Lebanon and Israel agreed late on Friday to extend their ceasefire by 45 days after talks between the two delegations at the US State Department, but Israeli strikes continued across southern Lebanon hours after the announcement.
At least six people, including three first responders, were killed and 22 wounded after a Civil Defence centre in Hanouiyeh, in the Tyre district, was struck overnight. Additional strikes were reported in southern areas after the Israeli military issued new displacement warnings.
The Israeli army issued forced displacement orders overnight and again on Saturday morning, telling residents of nine southern villages to “immediately evacuate your homes and move away from the villages and towns by a distance of at least 1,000 metres to open areas”, according to a post on X by the army’s Arabic-language spokesman. Strikes followed in the targeted areas.
More than 670 people have been killed in Israeli strikes since the ceasefire was first announced last month, according to Lebanese authorities.
In Nabatieh, a city long considered a Hezbollah stronghold, very little remains. The streets are empty, and the only sounds breaking the silence are the buzzing of Israeli drones overhead and the echo of strikes reverberating through the mountainous region.
Chafic Fourani, director of Nabatieh Governmental Hospital, said life has changed little since the ceasefire took effect.
“The morgue is full. Twelve bodies have arrived in the past few days,” he told The National. “We haven’t felt a difference.”
The same exhaustion echoes through the medical staff still working in Nabatieh. Mohammad Khayat, a rescuer, drives his ambulance to the scene of every Israeli strike despite the risks.
“There are strikes every single day. There were attacks only one kilometre from here. The ceasefire? It exists on paper only.”
Israel has increasingly been accused by Lebanese officials and rescue workers of carrying out “double-tap” and “triple-tap” strikes, in which the same location is targeted repeatedly, often after rescuers and civilians have gathered at the scene.
More than 105 emergency workers and rescuers have been killed since the war began on March 2, after Hezbollah launched rockets into Israel following the killing of Iranian Supreme Leader Ayatollah Ali Khamenei.
On Friday, Mr Khayat was only metres away from a double-tap strike targeting people gathered near a humanitarian aid distribution point run by the Red Cross and Caritas. His ambulance was damaged.
“We are continuing to do our job exactly as if we were in wartime,” he said.
Mr Khayat and his team have lost colleagues both during the war and after the ceasefire took effect. On Tuesday, two rescuers were killed while attempting to evacuate a man wounded in an Israeli strike.
'Ink on paper'
Only a handful of residents remain in Nabatieh, while many others have yet to return. Entire neighbourhoods have been reduced to rubble, and the shops that once lined the city’s streets remain shuttered.
According to Karim Emile Bitar, professor at Saint Joseph University of Beirut, the ceasefire “is completely meaningless and detached from the reality on the ground”.
Despite direct talks between the two countries – a first in decades – Mr Bitar said the agreement “remains ink on paper”.
“It is violated daily, hundreds of civilians have died, and it seems to be an Israeli strategy aimed at buying time and helping Donald Trump in his communication strategy so that he can claim serious negotiations are under way,” he told The National.
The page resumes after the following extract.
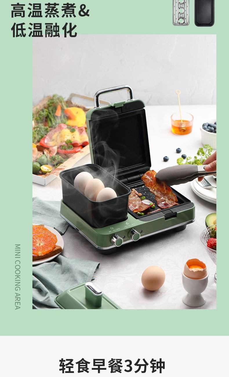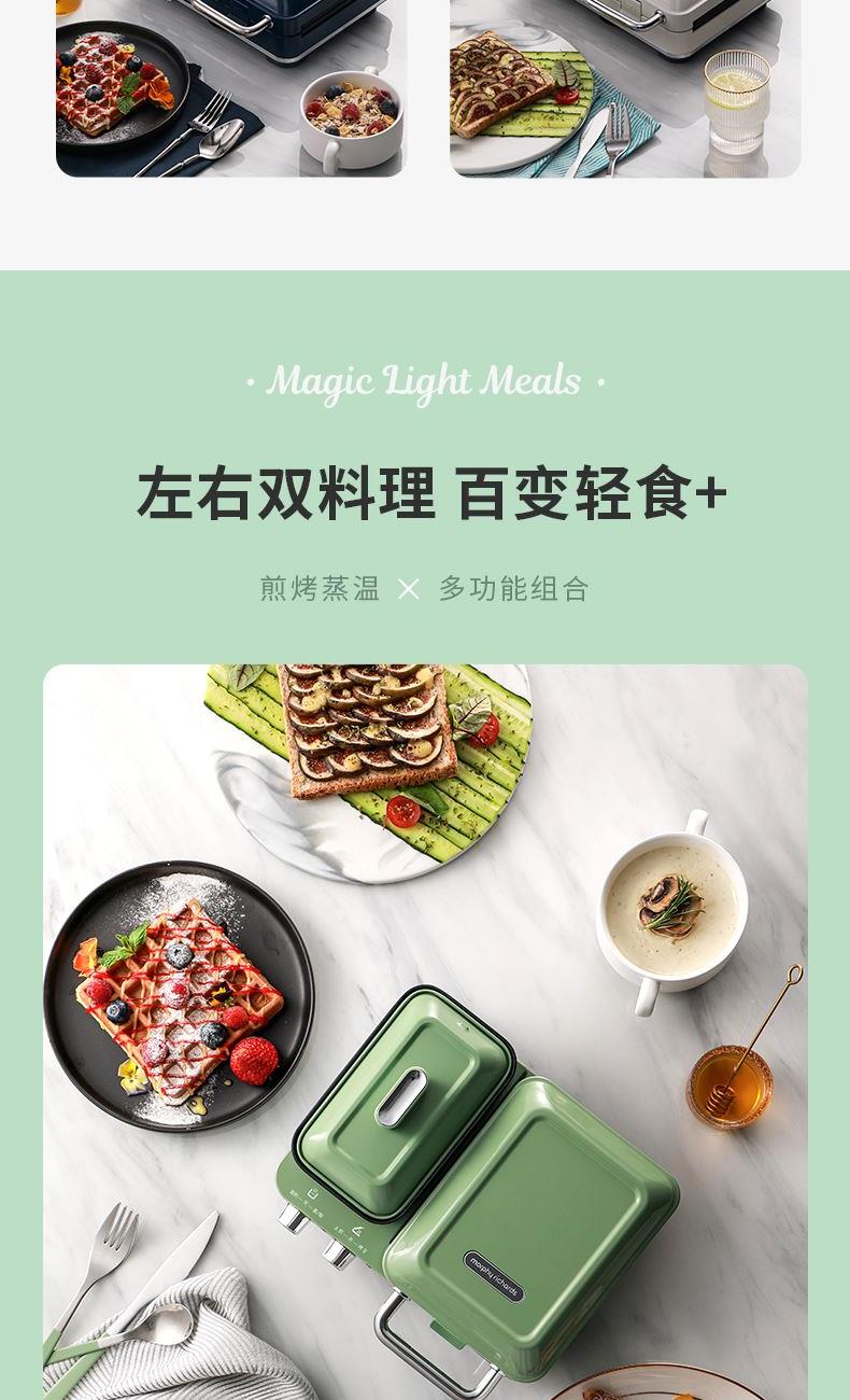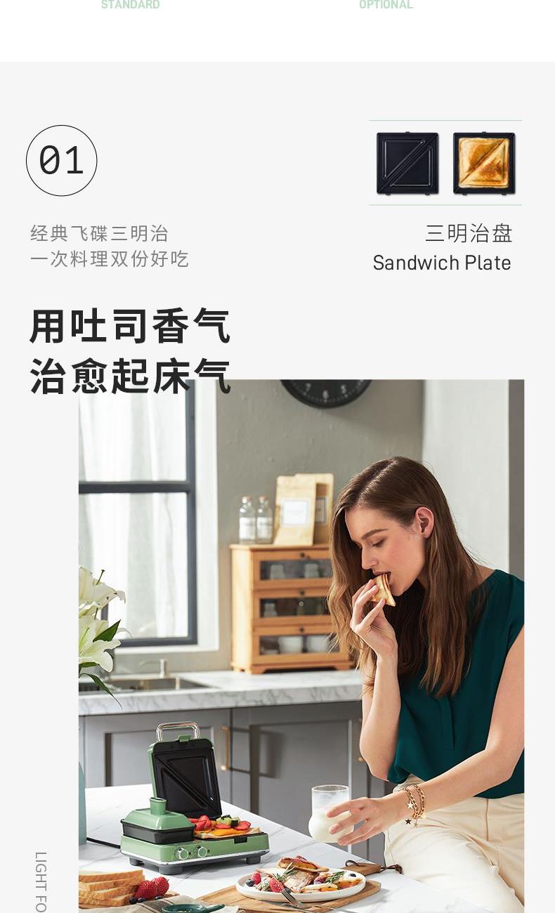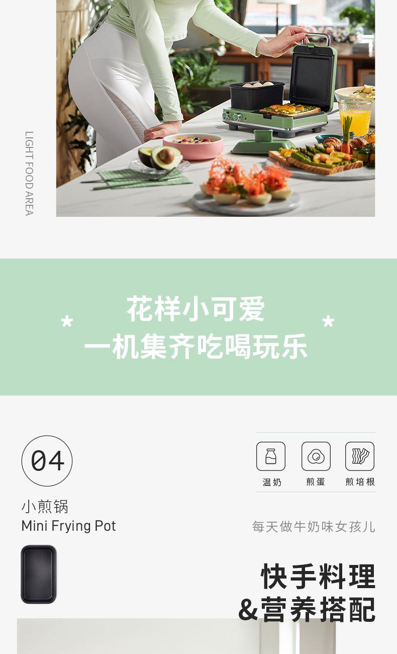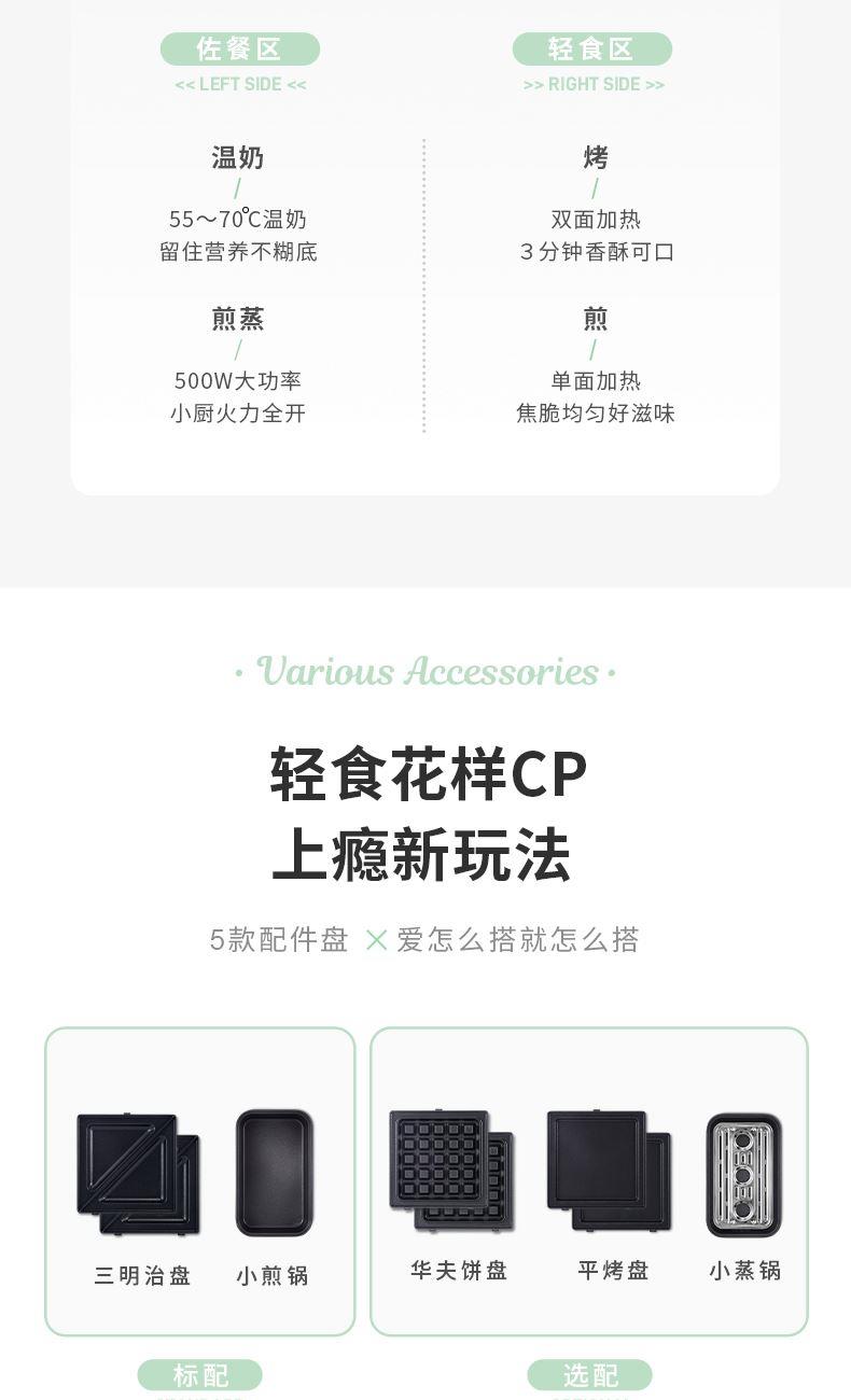 轻食早餐:具备三文治、华夫饼、蒸、煎、温奶等多种功能 蒸煎烤多种功能配件选择:采用压铸铝底材,提高加热效率,受热均匀、可拆易换、清洗方便!

Yet, according to the analyst, “for these negotiations to be fruitful, first of all, we would need a genuine ceasefire that Israel would respect and an Israeli commitment to withdraw from Lebanese territory”.
Israel continues to hold positions in southern Lebanon. Israeli Prime Minister Benjamin Netanyahu said on April 16, when the initial ceasefire was signed, that Israeli troops would remain in what he described as “an expanded security zone” in the south of the country.
For the ceasefire to hold, what is most needed is “support for the Lebanese Armed Forces, so it can carry on its mission assigned by the Lebanese state to establish sovereignty across the entire territory and proceed with the disarmament of all non-state actors”, Mr Bitar added.